The framework enables systematic agent enhancement through automated workflows where LLM-based improver agents can modify existing task agents based on performance data. Improver agents can update configurations, prompts, and input processing logic to optimize performance.

### Workflow Integration

Agent improvement is typically orchestrated through workflow systems that coordinate multiple agents in improvement loops, enabling iterative refinement of agent performance over time.

## Agent Types

### LLM Agents
- Use language models for inference
- Require `model` and `prompt` sections
- Generate responses via API calls

### Computational Agents
- Pure computation without LLM inference
- Set `"prompt": null` in configuration
- Use `field_mappings` to map inputs directly to outputs
- Omit `model` section and `timeout_seconds`

## Agent Improvement and Modification

**The framework enables LLM agents to systematically improve other LLM agents** through data-driven optimization. Improver agents analyze performance data and generate enhanced configurations and implementations.

### Improvement Capabilities

**Only configuration sections marked with `"_modifiable": true` can be modified by improver functions.** Sections marked `"_modifiable": false` or without this field must remain unchanged to maintain agent compatibility and framework constraints.

An **improver function**, also called an **improver agent**, is an LLM-based function that takes as input an existing agent (configuration + implementation) along with evaluation metrics or performance data, and generates a new agent that solves the same task but with improved performance.

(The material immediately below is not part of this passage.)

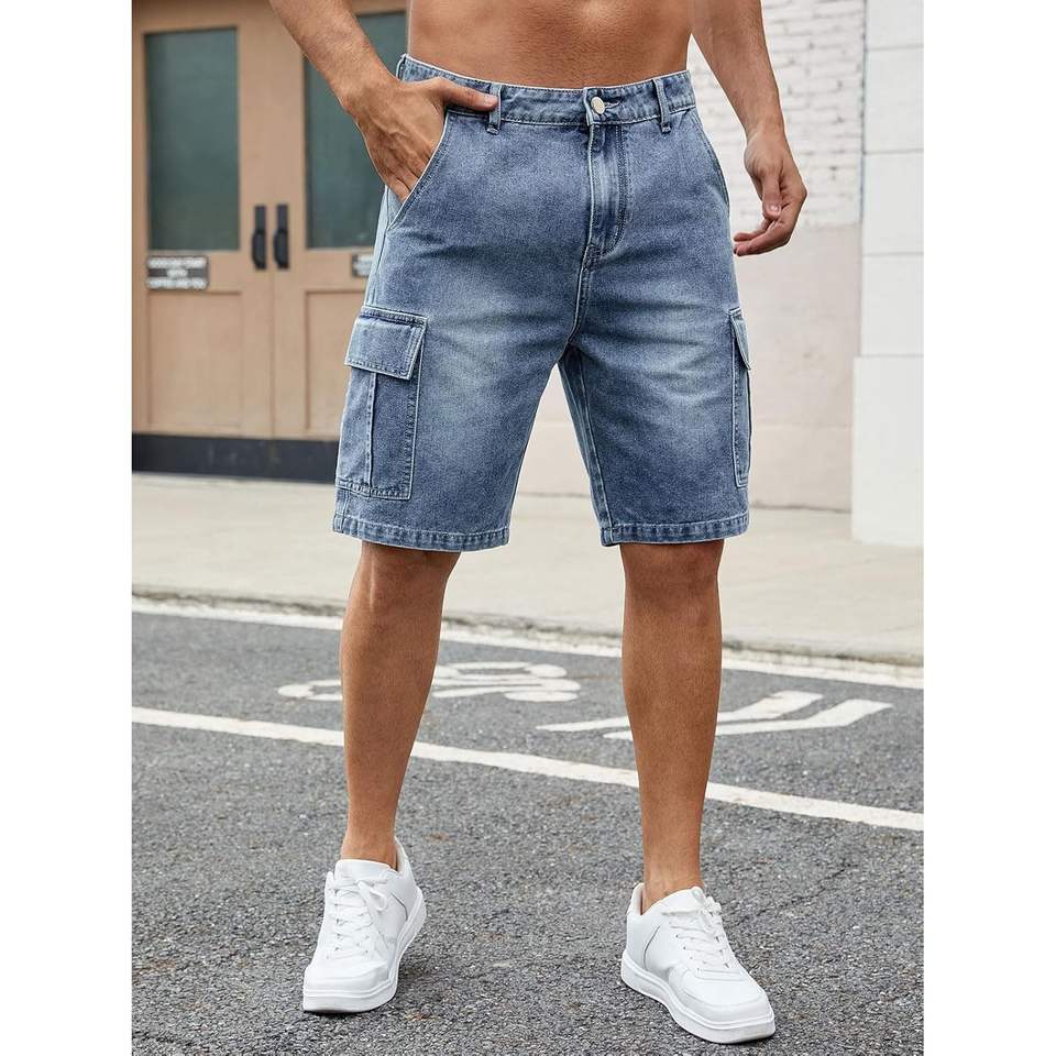 2025 Men's High Waist Vintage Style Denim Cargo Shorts Loose Fit Multi-Pockets Embroidered Animal Print Patterns Light

**What improver functions CAN do:**
- **Modifying prompts** (when `"_modifiable": true`) - add chain-of-thought reasoning, improve instructions, add examples, extend reasoning chains for more detailed analysis (as longer reasoning increases test time computation and may give better performance)
- **Selecting and transforming inputs** (when `"_modifiable": true`) - choose which inputs from the schema to use in prompt templates, add new computed input functions to transform available data, and write custom preprocessing methods that process input data or extract examples from datasets available in the input schema
- **Adjusting model selection and parameters** (when `"_modifiable": true`) - change to different available models, adjust temperature, max_tokens, etc.

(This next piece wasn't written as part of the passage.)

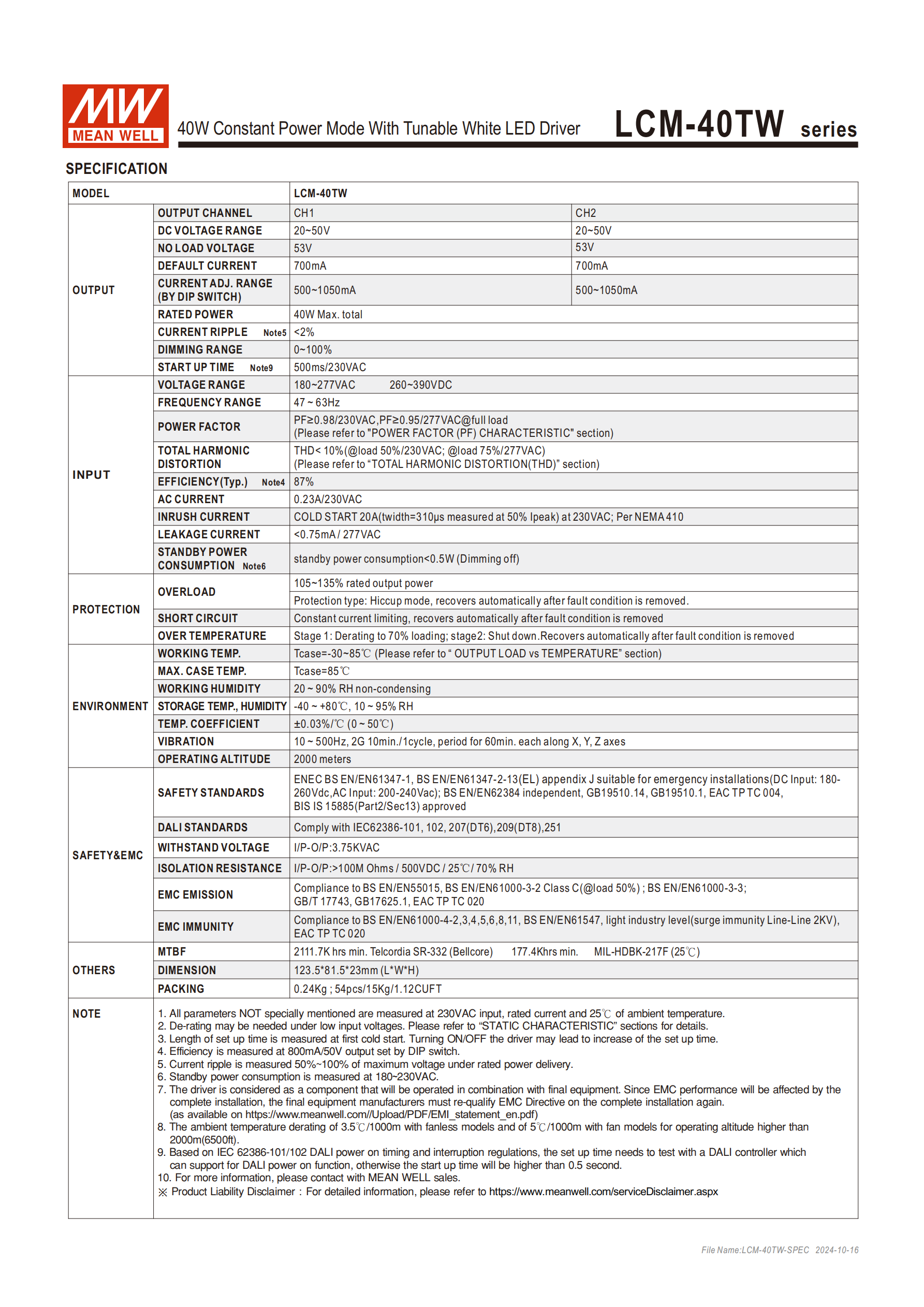 明緯 LCM-40TW 系列是40W 恒功率可調(diào)色溫 LED 驅(qū)動(dòng)器,支持DALI-2 DT6/DT8色溫與亮度控制,采用雙通道恒功率輸出模式,輸入電壓覆蓋180~277VAC/260~390VDC,輸出電流可通過撥碼開關(guān)在500~1050mA調(diào)節(jié),具備無頻閃(符合 IEEE1789)、高 PF(≥0.95)、低待機(jī)功耗(<0.5W) 等特性,工作溫度達(dá) **-30℃~+85℃,擁有過載、短路、過溫多重保護(hù),適配可調(diào)色溫照明、商業(yè)照明等場景,提供5 年保固 **,還可通過按鍵或 DALI 協(xié)議實(shí)現(xiàn)調(diào)光調(diào)色溫,設(shè)計(jì)彈性優(yōu)異。

**What improver functions CANNOT or should NOT do:**
- **Access inputs not in the input schema** - they cannot invent new input fields because the input schema defines the contract between the agent and its callers, and changing it would break existing workflows and data pipelines. Improver agents work within the constraint of available data.
- **Add post-processing logic or validation functions** - agents represent a single LLM inference call with preprocessing only. This architectural constraint ensures predictable behavior, clear cost modeling, and composability in larger workflows. Any processing must happen before the LLM call, not after.
- **Modify output schemas** - the output section is typically marked `"_modifiable": false` and should never be changed because it defines the contract for downstream consumers. Changing output schemas breaks agent chaining in workflows and violates the framework's composability guarantees.
- **Modify non-modifiable sections** - sections marked `"_modifiable": false` must remain unchanged to maintain compatibility and prevent breaking agent chaining in workflows.